Start of RECORDS SUPPLIED
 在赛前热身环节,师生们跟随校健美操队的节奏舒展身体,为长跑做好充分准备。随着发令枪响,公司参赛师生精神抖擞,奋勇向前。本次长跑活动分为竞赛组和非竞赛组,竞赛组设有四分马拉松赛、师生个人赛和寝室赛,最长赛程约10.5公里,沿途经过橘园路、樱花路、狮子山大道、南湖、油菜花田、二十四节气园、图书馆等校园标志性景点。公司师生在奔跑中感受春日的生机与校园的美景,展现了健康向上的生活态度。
End of RECORDS SUPPLIED
Start of RECORDS SUPPLIED
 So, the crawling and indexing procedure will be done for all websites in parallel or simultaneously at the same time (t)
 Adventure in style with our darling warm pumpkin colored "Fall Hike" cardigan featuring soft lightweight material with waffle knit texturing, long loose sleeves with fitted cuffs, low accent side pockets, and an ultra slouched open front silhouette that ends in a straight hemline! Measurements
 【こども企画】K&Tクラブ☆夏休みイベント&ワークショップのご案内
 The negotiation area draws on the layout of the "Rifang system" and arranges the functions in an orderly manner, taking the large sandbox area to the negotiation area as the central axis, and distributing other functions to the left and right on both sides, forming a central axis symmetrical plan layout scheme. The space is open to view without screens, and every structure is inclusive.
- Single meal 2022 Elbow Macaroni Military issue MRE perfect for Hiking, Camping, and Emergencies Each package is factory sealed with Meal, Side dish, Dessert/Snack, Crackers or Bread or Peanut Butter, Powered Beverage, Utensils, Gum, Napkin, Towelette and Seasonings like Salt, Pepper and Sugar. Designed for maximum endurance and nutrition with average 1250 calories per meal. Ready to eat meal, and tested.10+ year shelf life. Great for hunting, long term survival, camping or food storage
End of RECORDS SUPPLIED
Start of RECORDS SUPPLIED
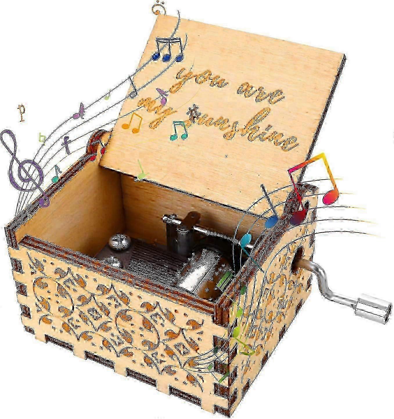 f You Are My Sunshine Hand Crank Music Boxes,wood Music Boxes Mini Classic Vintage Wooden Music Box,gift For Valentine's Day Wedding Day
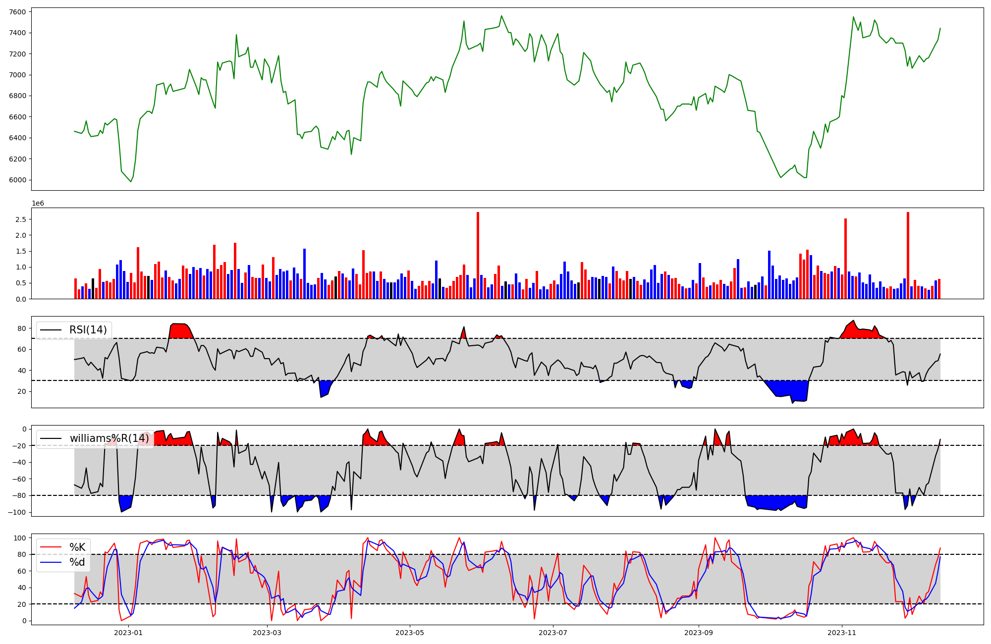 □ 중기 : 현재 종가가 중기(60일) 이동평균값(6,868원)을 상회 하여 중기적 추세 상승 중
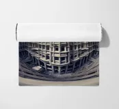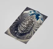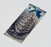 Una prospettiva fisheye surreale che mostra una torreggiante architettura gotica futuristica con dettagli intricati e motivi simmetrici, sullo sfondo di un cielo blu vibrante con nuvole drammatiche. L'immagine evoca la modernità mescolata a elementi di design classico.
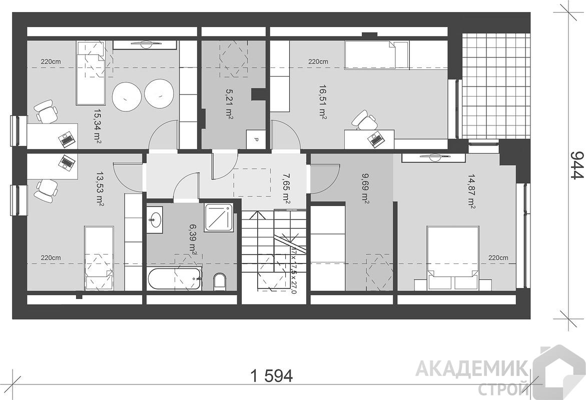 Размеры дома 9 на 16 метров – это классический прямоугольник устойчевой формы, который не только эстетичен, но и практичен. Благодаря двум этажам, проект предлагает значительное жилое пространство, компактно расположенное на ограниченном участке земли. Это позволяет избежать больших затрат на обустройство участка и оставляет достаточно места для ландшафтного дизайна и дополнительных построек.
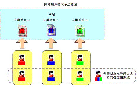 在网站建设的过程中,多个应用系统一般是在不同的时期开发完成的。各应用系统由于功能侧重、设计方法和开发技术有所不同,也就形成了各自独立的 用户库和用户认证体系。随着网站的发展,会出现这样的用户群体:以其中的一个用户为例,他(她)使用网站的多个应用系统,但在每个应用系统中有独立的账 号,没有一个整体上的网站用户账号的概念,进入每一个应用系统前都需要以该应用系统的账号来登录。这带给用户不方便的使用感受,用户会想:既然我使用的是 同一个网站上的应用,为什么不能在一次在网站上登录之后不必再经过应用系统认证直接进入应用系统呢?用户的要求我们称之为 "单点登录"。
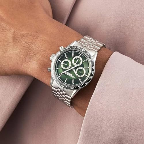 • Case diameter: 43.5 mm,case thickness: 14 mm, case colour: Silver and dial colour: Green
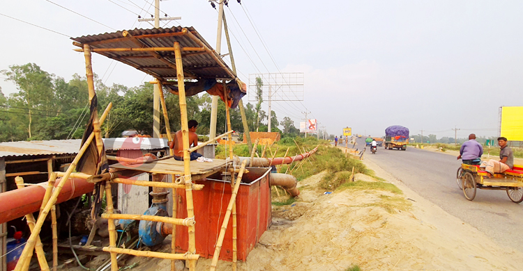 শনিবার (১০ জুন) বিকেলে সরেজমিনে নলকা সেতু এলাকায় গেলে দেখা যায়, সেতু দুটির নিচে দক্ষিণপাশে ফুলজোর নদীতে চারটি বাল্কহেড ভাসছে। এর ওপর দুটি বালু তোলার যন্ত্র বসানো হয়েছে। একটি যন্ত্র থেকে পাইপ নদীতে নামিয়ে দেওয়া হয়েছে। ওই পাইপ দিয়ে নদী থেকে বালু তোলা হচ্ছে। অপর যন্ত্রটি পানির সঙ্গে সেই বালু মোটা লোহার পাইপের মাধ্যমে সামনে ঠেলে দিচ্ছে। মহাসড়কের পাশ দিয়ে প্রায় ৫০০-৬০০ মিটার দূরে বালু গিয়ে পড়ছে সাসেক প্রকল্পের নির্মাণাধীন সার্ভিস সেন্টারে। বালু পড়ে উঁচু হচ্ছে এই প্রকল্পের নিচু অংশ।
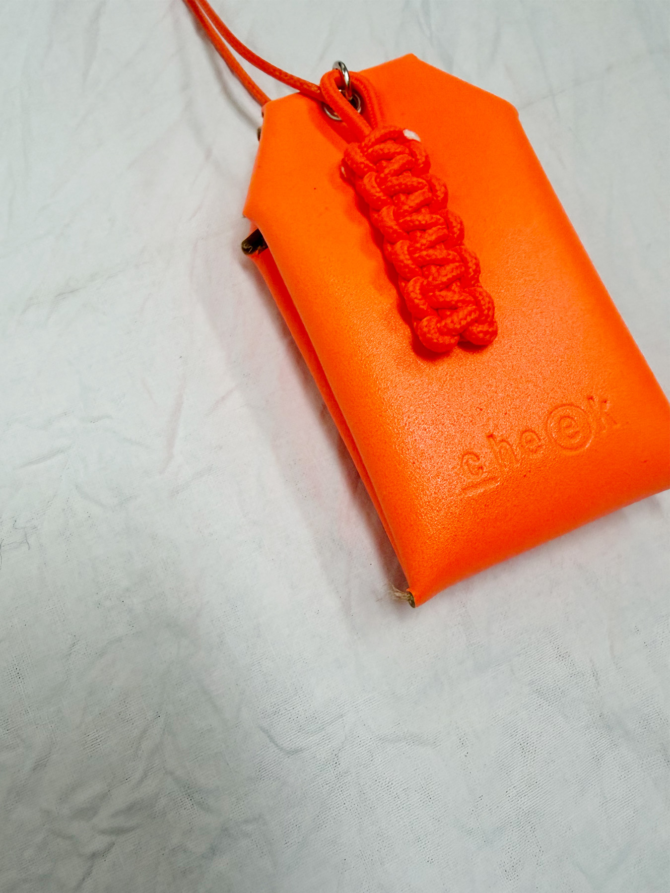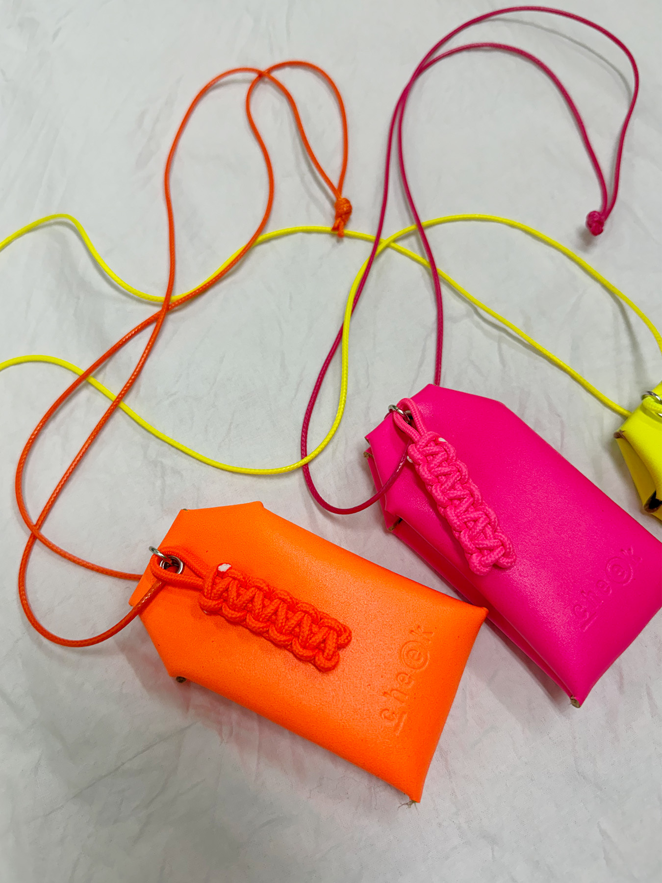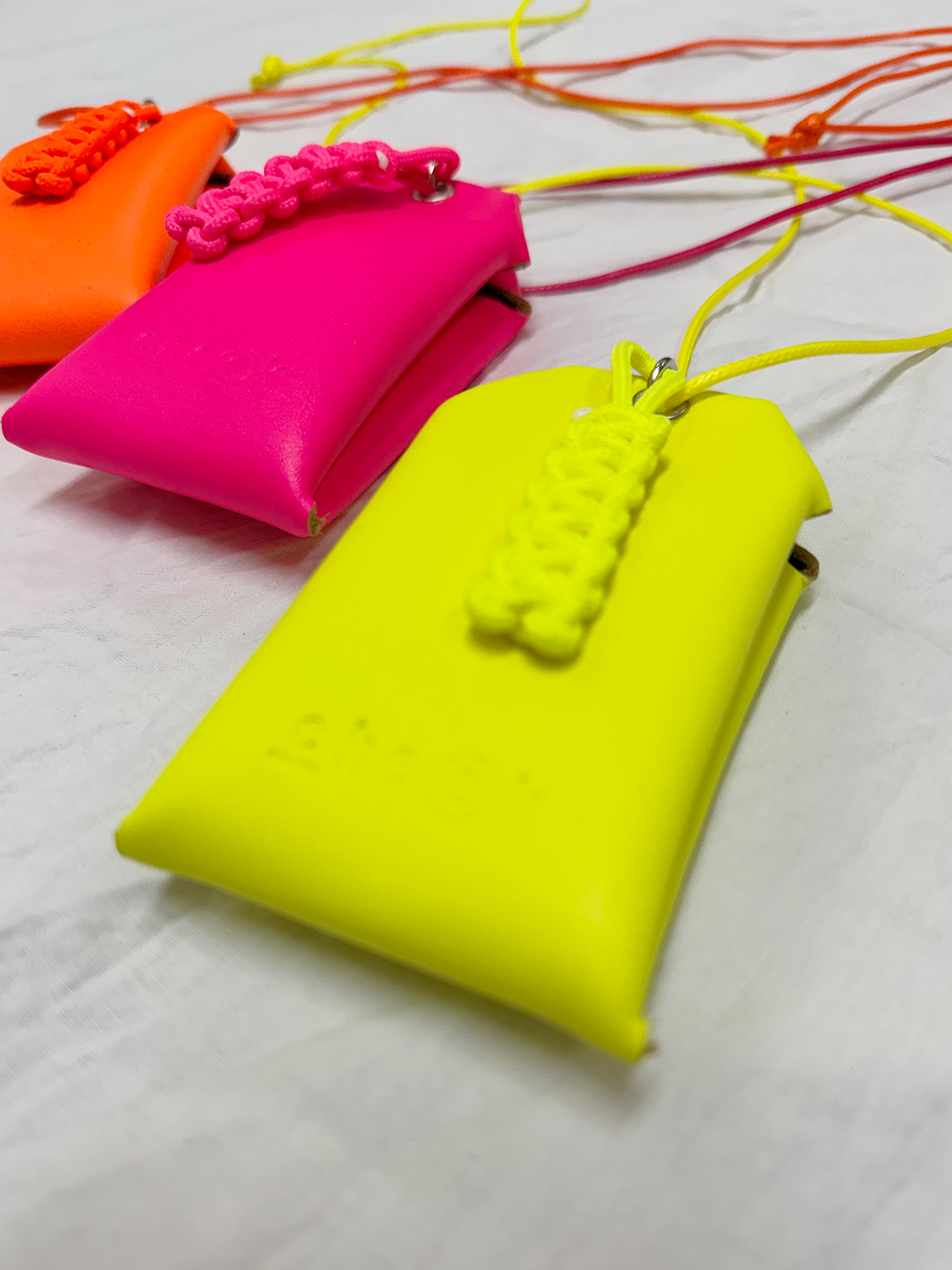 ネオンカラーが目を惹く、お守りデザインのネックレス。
End of RECORDS SUPPLIED
_TASK TO CARRY OUT_
Going by the data above, give back only the lines from the one containing "f You Are My" through the one containing "dial colour: Green", exactly as they stand, both ends included and no images.

_ANSWER AREA_
 f You Are My Sunshine Hand Crank Music Boxes,wood Music Boxes Mini Classic Vintage Wooden Music Box,gift For Valentine's Day Wedding Day
 □ 중기 : 현재 종가가 중기(60일) 이동평균값(6,868원)을 상회 하여 중기적 추세 상승 중
 Una prospettiva fisheye surreale che mostra una torreggiante architettura gotica futuristica con dettagli intricati e motivi simmetrici, sullo sfondo di un cielo blu vibrante con nuvole drammatiche. L'immagine evoca la modernità mescolata a elementi di design classico.
 Размеры дома 9 на 16 метров – это классический прямоугольник устойчевой формы, который не только эстетичен, но и практичен. Благодаря двум этажам, проект предлагает значительное жилое пространство, компактно расположенное на ограниченном участке земли. Это позволяет избежать больших затрат на обустройство участка и оставляет достаточно места для ландшафтного дизайна и дополнительных построек.
 在网站建设的过程中,多个应用系统一般是在不同的时期开发完成的。各应用系统由于功能侧重、设计方法和开发技术有所不同,也就形成了各自独立的 用户库和用户认证体系。随着网站的发展,会出现这样的用户群体:以其中的一个用户为例,他(她)使用网站的多个应用系统,但在每个应用系统中有独立的账 号,没有一个整体上的网站用户账号的概念,进入每一个应用系统前都需要以该应用系统的账号来登录。这带给用户不方便的使用感受,用户会想:既然我使用的是 同一个网站上的应用,为什么不能在一次在网站上登录之后不必再经过应用系统认证直接进入应用系统呢?用户的要求我们称之为 "单点登录"。
 • Case diameter: 43.5 mm,case thickness: 14 mm, case colour: Silver and dial colour: Green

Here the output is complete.